• Instructions to follow
Would you transcribe the whole listing exactly and drop its images?

Top of Data extract

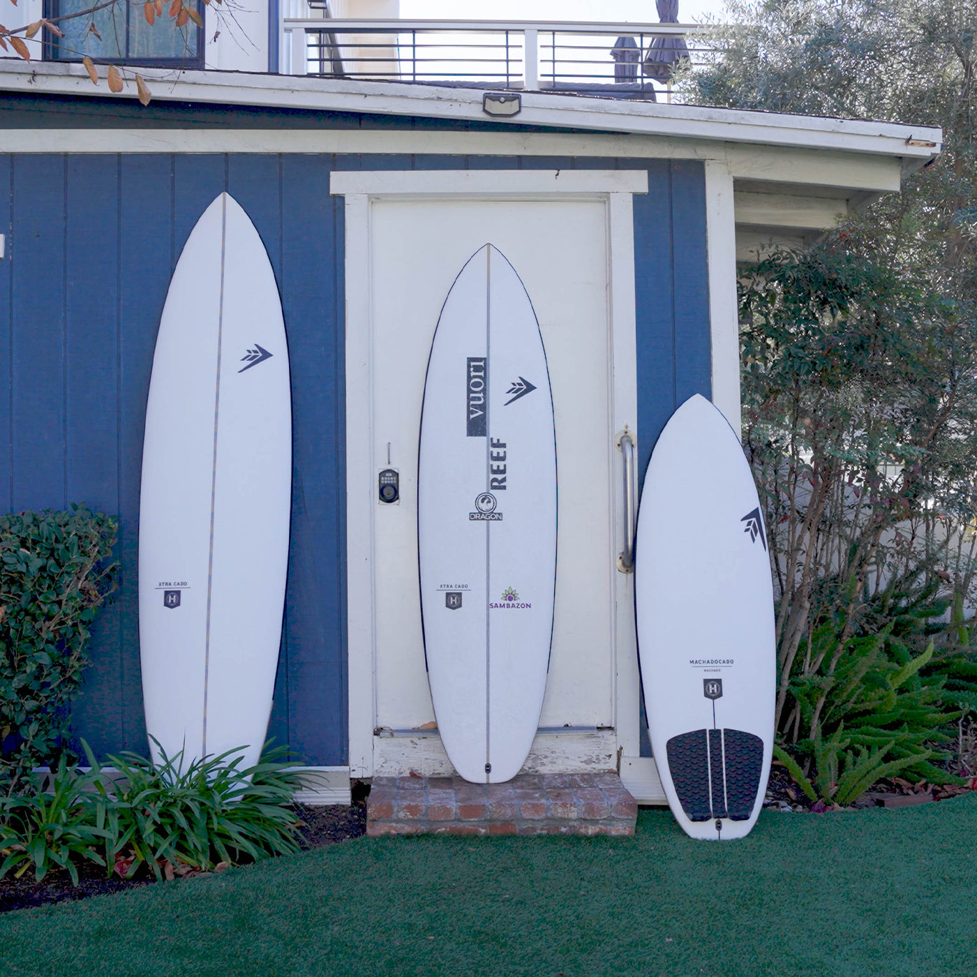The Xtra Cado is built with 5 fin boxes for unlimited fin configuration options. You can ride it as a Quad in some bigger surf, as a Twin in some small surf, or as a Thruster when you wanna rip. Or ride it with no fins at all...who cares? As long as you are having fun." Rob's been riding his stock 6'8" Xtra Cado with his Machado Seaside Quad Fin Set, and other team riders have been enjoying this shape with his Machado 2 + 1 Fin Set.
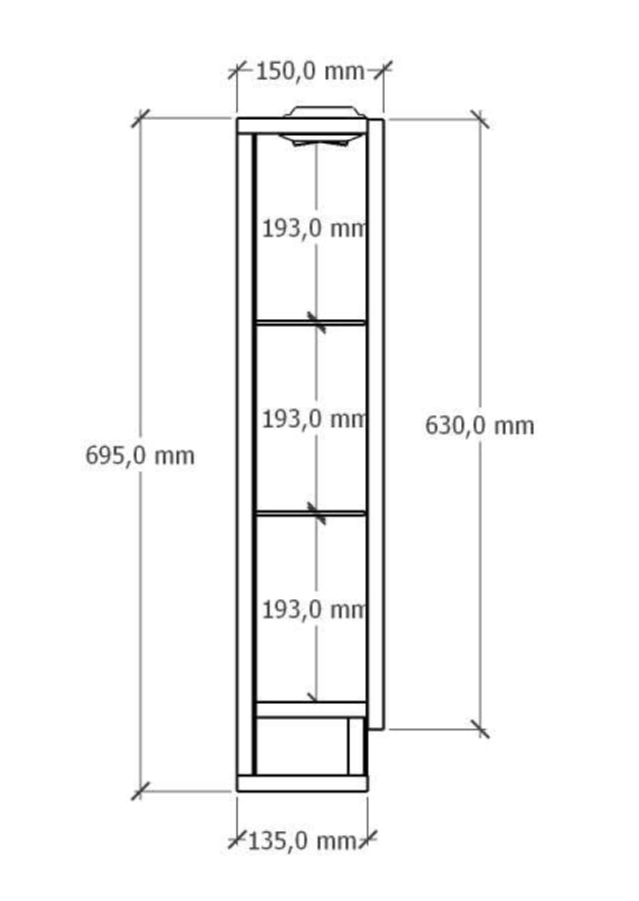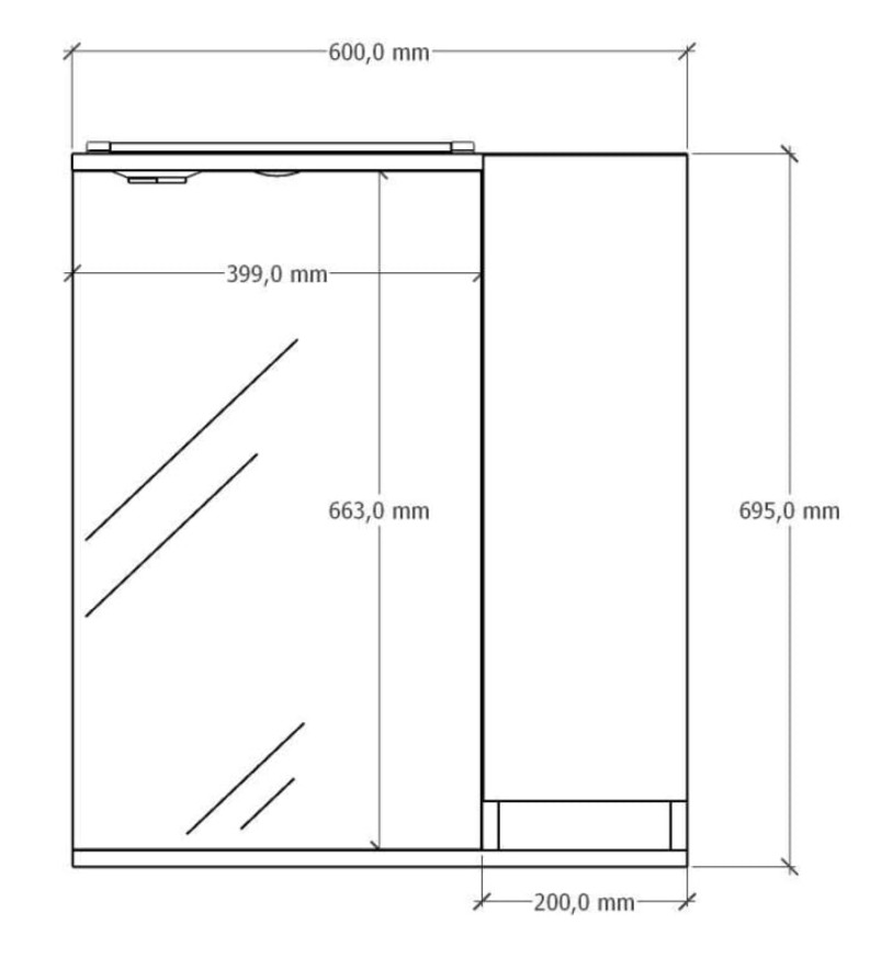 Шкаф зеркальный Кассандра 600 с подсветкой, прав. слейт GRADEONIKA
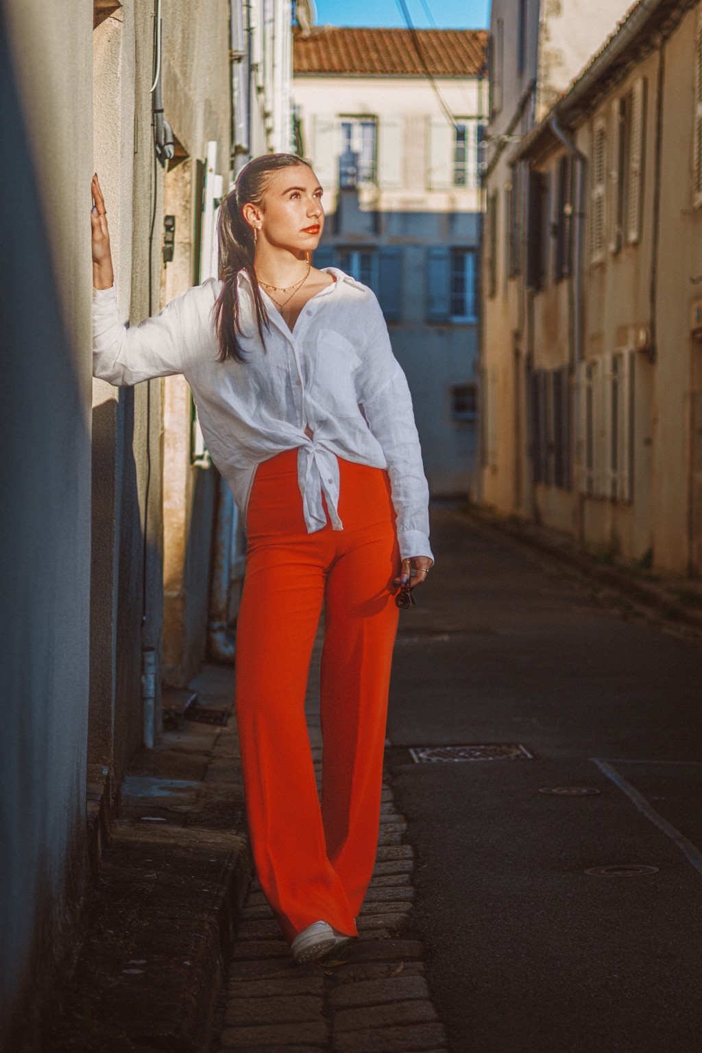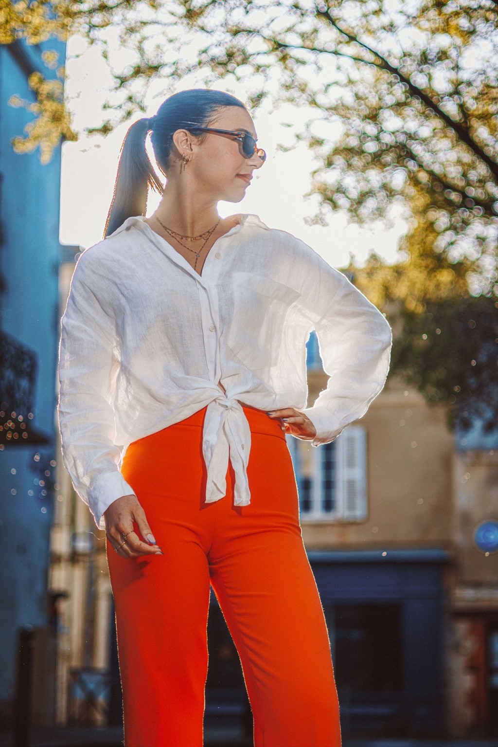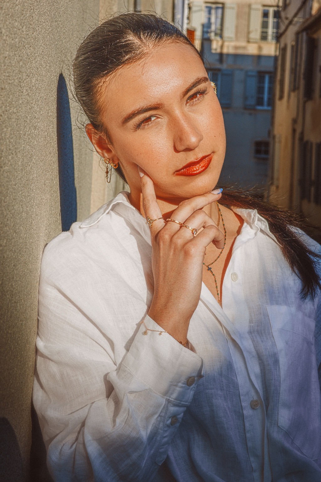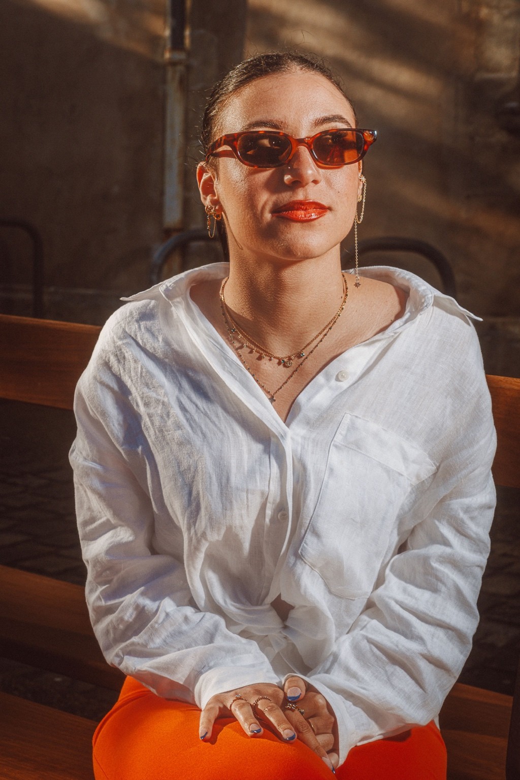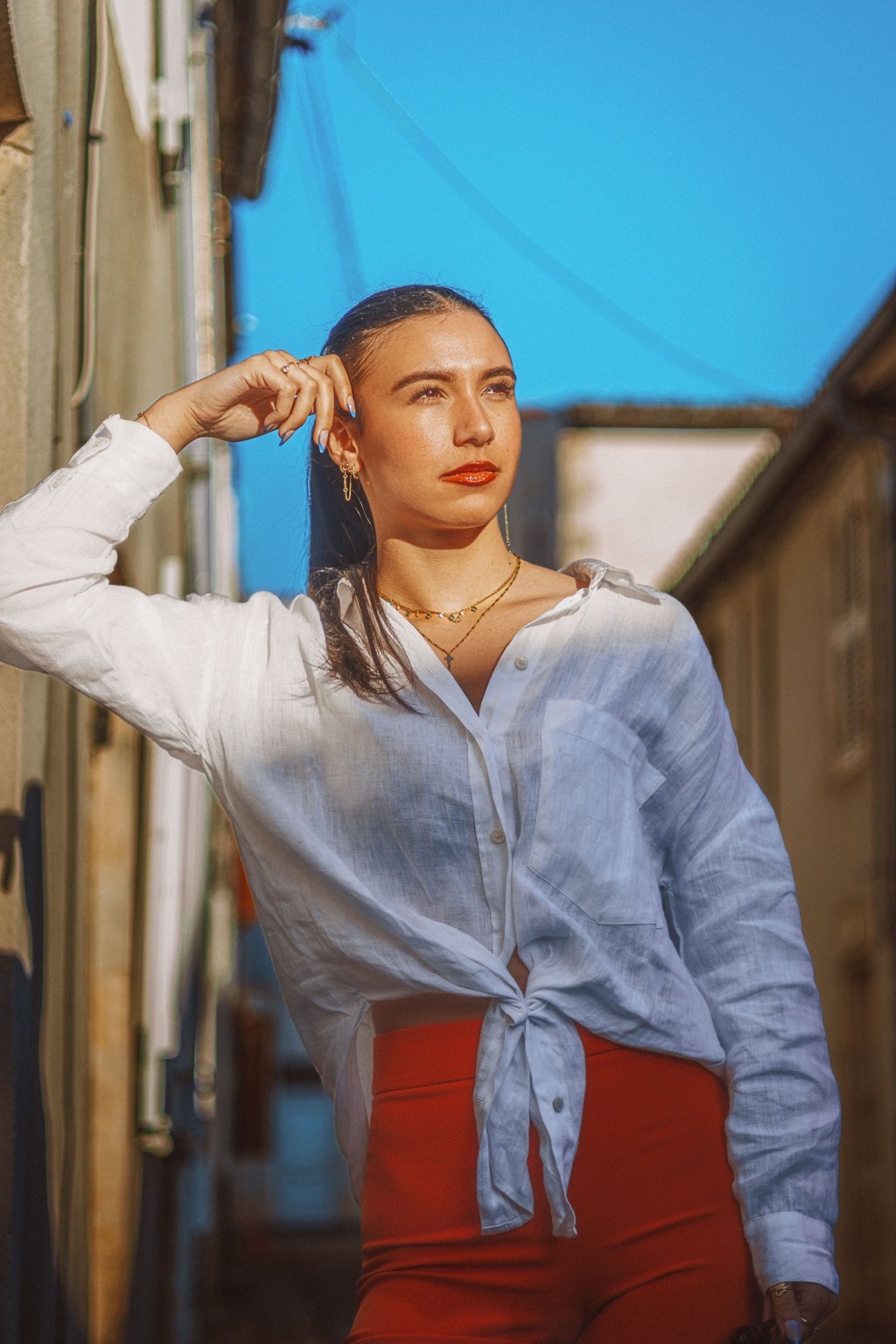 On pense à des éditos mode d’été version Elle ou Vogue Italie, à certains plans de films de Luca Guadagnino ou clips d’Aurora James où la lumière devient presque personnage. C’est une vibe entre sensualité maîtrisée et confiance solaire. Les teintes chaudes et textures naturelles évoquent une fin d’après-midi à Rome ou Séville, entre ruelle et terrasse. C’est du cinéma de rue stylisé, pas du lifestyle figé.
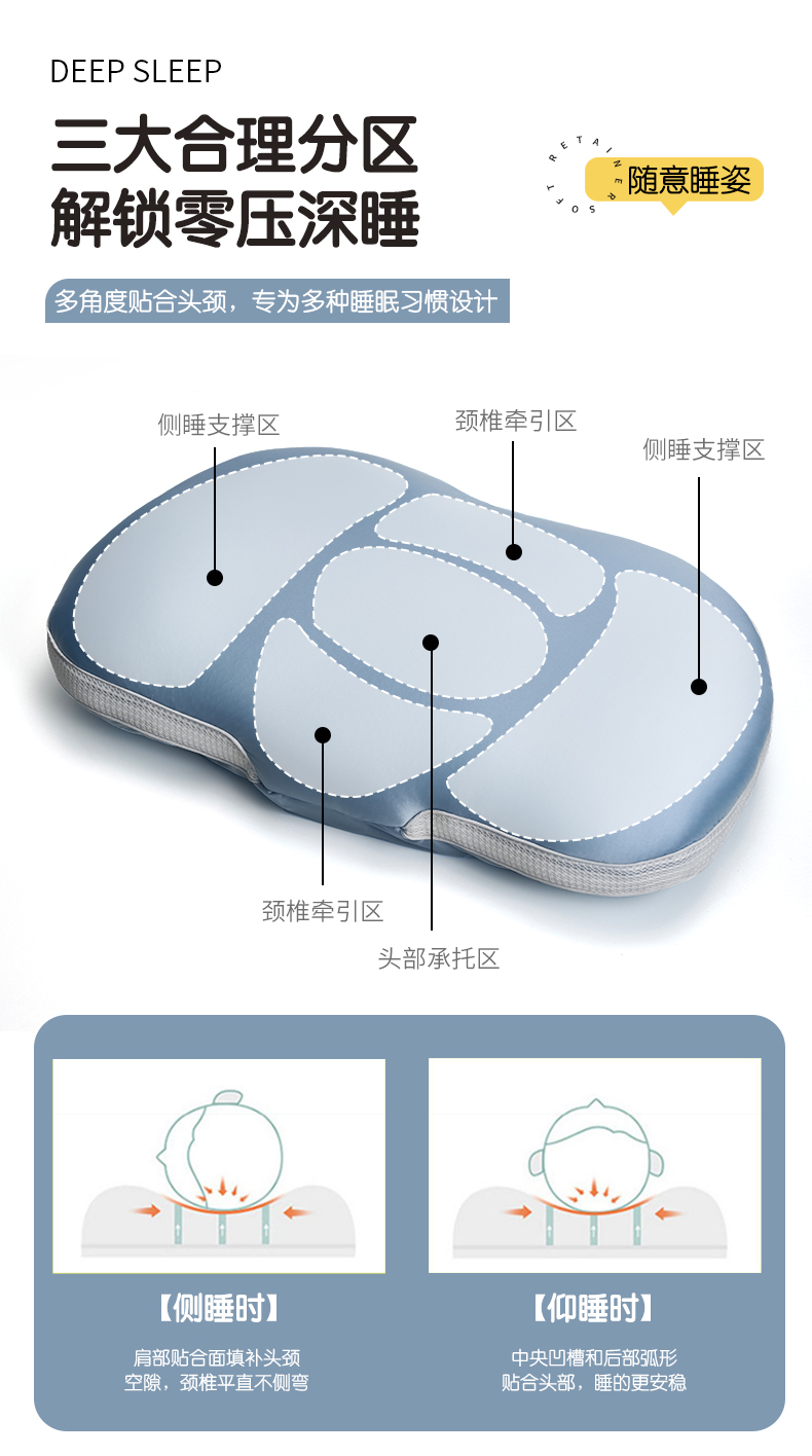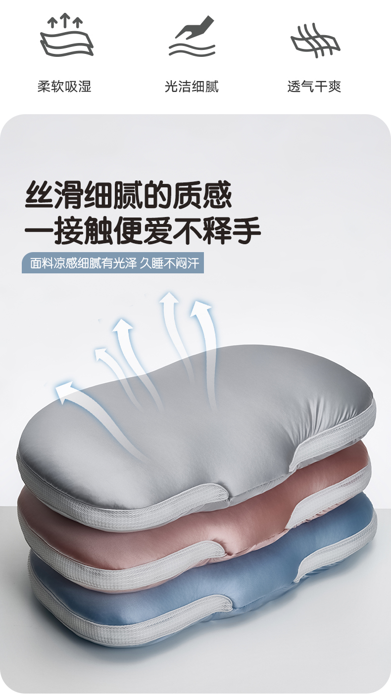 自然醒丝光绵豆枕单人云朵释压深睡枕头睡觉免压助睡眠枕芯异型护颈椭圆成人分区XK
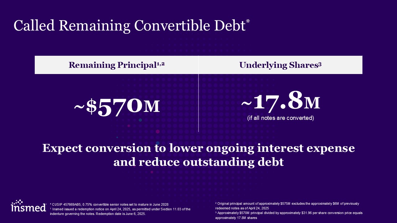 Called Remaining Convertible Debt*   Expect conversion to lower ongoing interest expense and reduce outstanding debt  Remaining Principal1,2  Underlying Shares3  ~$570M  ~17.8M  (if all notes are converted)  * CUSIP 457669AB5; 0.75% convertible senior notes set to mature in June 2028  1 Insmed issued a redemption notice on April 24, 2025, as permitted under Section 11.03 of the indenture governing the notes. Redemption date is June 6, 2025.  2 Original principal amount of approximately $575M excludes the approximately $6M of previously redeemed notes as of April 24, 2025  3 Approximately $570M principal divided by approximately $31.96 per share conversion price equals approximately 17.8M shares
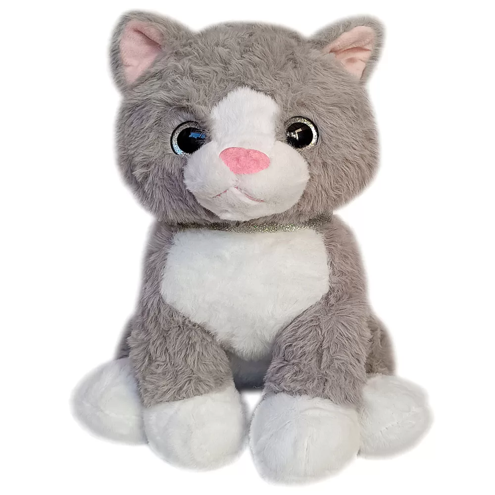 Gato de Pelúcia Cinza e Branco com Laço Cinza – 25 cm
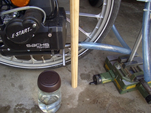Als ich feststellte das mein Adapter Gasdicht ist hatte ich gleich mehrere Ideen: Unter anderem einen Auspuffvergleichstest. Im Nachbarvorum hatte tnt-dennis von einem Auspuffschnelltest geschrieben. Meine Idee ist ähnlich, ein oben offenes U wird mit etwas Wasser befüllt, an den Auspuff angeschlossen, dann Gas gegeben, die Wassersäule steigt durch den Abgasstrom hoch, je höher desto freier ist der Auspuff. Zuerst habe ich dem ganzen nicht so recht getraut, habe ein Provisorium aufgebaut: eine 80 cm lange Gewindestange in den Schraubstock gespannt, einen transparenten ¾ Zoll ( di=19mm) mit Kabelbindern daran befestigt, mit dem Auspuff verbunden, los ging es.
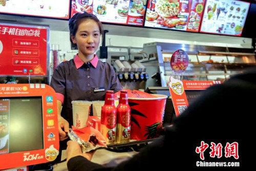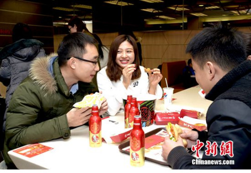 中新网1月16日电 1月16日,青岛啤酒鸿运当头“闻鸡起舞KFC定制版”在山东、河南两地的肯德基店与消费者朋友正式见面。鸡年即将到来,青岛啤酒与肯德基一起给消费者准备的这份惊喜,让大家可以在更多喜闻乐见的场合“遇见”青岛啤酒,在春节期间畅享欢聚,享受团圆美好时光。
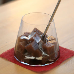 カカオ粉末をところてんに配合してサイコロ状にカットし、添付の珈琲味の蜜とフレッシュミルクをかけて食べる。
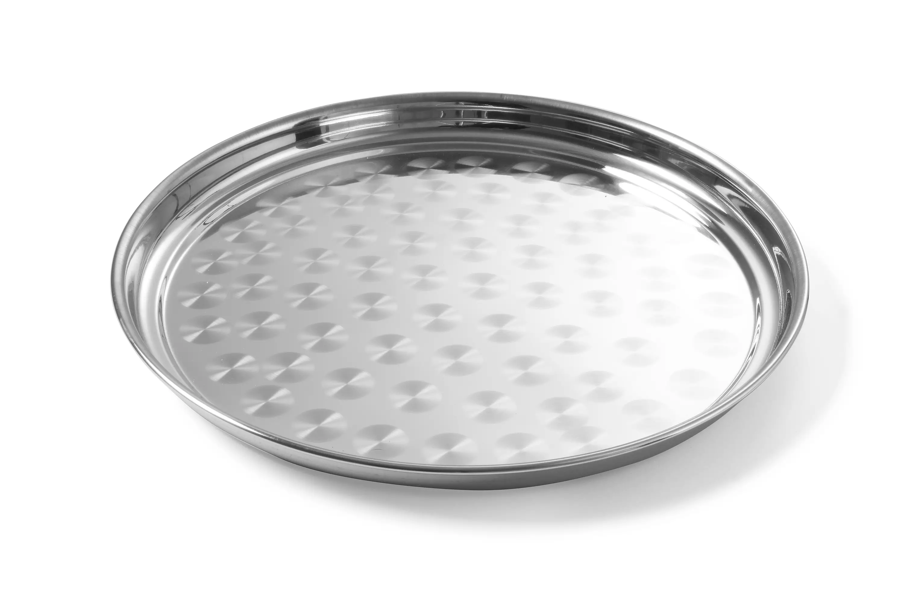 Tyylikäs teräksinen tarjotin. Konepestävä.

Bottom of Data extract

• Reply to the exercise
The Xtra Cado is built with 5 fin boxes for unlimited fin configuration options. You can ride it as a Quad in some bigger surf, as a Twin in some small surf, or as a Thruster when you wanna rip. Or ride it with no fins at all...who cares? As long as you are having fun." Rob's been riding his stock 6'8" Xtra Cado with his Machado Seaside Quad Fin Set, and other team riders have been enjoying this shape with his Machado 2 + 1 Fin Set.
 Шкаф зеркальный Кассандра 600 с подсветкой, прав. слейт GRADEONIKA
 On pense à des éditos mode d’été version Elle ou Vogue Italie, à certains plans de films de Luca Guadagnino ou clips d’Aurora James où la lumière devient presque personnage. C’est une vibe entre sensualité maîtrisée et confiance solaire. Les teintes chaudes et textures naturelles évoquent une fin d’après-midi à Rome ou Séville, entre ruelle et terrasse. C’est du cinéma de rue stylisé, pas du lifestyle figé.
 自然醒丝光绵豆枕单人云朵释压深睡枕头睡觉免压助睡眠枕芯异型护颈椭圆成人分区XK
 Called Remaining Convertible Debt*   Expect conversion to lower ongoing interest expense and reduce outstanding debt  Remaining Principal1,2  Underlying Shares3  ~$570M  ~17.8M  (if all notes are converted)  * CUSIP 457669AB5; 0.75% convertible senior notes set to mature in June 2028  1 Insmed issued a redemption notice on April 24, 2025, as permitted under Section 11.03 of the indenture governing the notes. Redemption date is June 6, 2025.  2 Original principal amount of approximately $575M excludes the approximately $6M of previously redeemed notes as of April 24, 2025  3 Approximately $570M principal divided by approximately $31.96 per share conversion price equals approximately 17.8M shares
 Gato de Pelúcia Cinza e Branco com Laço Cinza – 25 cm
Als ich feststellte das mein Adapter Gasdicht ist hatte ich gleich mehrere Ideen: Unter anderem einen Auspuffvergleichstest. Im Nachbarvorum hatte tnt-dennis von einem Auspuffschnelltest geschrieben. Meine Idee ist ähnlich, ein oben offenes U wird mit etwas Wasser befüllt, an den Auspuff angeschlossen, dann Gas gegeben, die Wassersäule steigt durch den Abgasstrom hoch, je höher desto freier ist der Auspuff. Zuerst habe ich dem ganzen nicht so recht getraut, habe ein Provisorium aufgebaut: eine 80 cm lange Gewindestange in den Schraubstock gespannt, einen transparenten ¾ Zoll ( di=19mm) mit Kabelbindern daran befestigt, mit dem Auspuff verbunden, los ging es.
 中新网1月16日电 1月16日,青岛啤酒鸿运当头“闻鸡起舞KFC定制版”在山东、河南两地的肯德基店与消费者朋友正式见面。鸡年即将到来,青岛啤酒与肯德基一起给消费者准备的这份惊喜,让大家可以在更多喜闻乐见的场合“遇见”青岛啤酒,在春节期间畅享欢聚,享受团圆美好时光。
 カカオ粉末をところてんに配合してサイコロ状にカットし、添付の珈琲味の蜜とフレッシュミルクをかけて食べる。
 Tyylikäs teräksinen tarjotin. Konepestävä.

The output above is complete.